Wednesday, March 14, 2007

Really, I'm potty trained

I am supposed to be on Spring Break, but due to somebody's trigger happy mouse finger, the wrong departure day was chosen for our flight to the glorious southwest. To pacify the masses, we are doing Spring Break-y things in our area. We went to our nearest metropolitan area yesterday to go shopping. It was a lovely time. Our little one, L'il Juanita is learning to use the "big girl potty" and a trip to the mall is fraught with the fear of accidents at every turn. We were at a kind of fancy mall that had not only clean restrooms, not only family restrooms, but clean family restrooms with teeny little toilets for toddlers! Juanita thought they were very cute and wanted to spend our entire day with the little potties. She didn't want to use them, however. So, we were in the restroom with a toddler with wet undies (the pants stayed dry somehow) and nothing to change her into. Fortunately, this lovely restroom had a coin operated diaper machine! I'm saved! In go the quarters, out comes nothing. A janitor was right outside so I asked him for help.

Me: Hi, the diaper machine ate my quarters, could you help me?

Jan: You need a diaper?

Me: Yes.

Jan: Okay...... let me get the other janitor, she's a lady.

Me: Umm, okay.

Jan: (On radio with speaker on) Hey Barb? Barb? Yeah, hey, there's a lady here who needs a TAMPON! What? A TAMPON! Yeah, she said the machine ate her money. Can you come and give her a TAMPON? Oh, yeah, I think I have the key to the machine.

Me: It was the diaper machine.

Jan: Just a minute, and I'll see what I have in our supply closet.

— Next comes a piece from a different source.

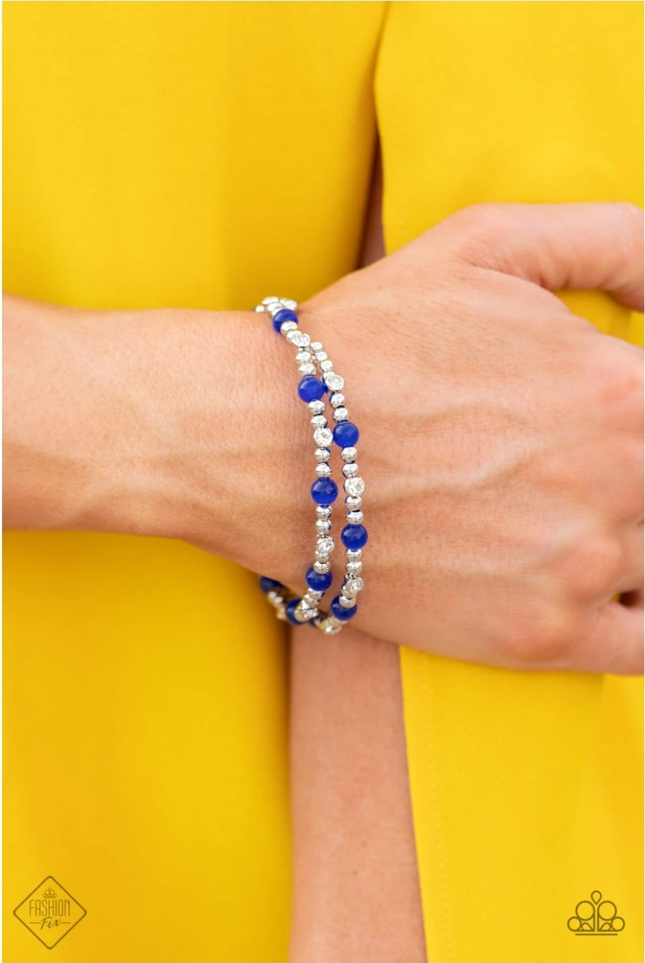 A glittery compilation of glassy white rhinestones, shiny silver beads, and glowing Classic Blue cat's eye beads are delicately threaded along a wire to create an ethereal infinity wrap bracelet.

10 seconds later, Jan reappears with his hands full. In one hand he has two diapers. In the other, he has several tampons. He just held out both hands to me for me to decide what I really needed. I chose one diaper. He told me to take the extra one, just in case. I wanted to say to him, "Look, Buddy. I'm no astronaut, now give me the diaper!"

Wednesday, March 07, 2007

Astronaut Love Triangle

So, I was watching the "news" last night, okay it was Nancy Grace, but anyway..... she was talking about the astronaut love triangle. I just love saying that, "astronaut love triangle". It's like the Bermuda Triangle, only worse. Instead of disappearing, you just have every minute and humiliating detail of your life broadcast to the entire world, with pictures! I have a problem with broadcasting minute and intimate details about the victim. "Steamy emails found in astronaut love triangle!" None of them were to or from the would-be kidnapper/killer lady, so why air them? Plus, they weren't that steamy, I thought they were sort of sweet in an email-has-no-emotion-but-we-are-in-love/lust sort of way. But they were obviously not for public consumption.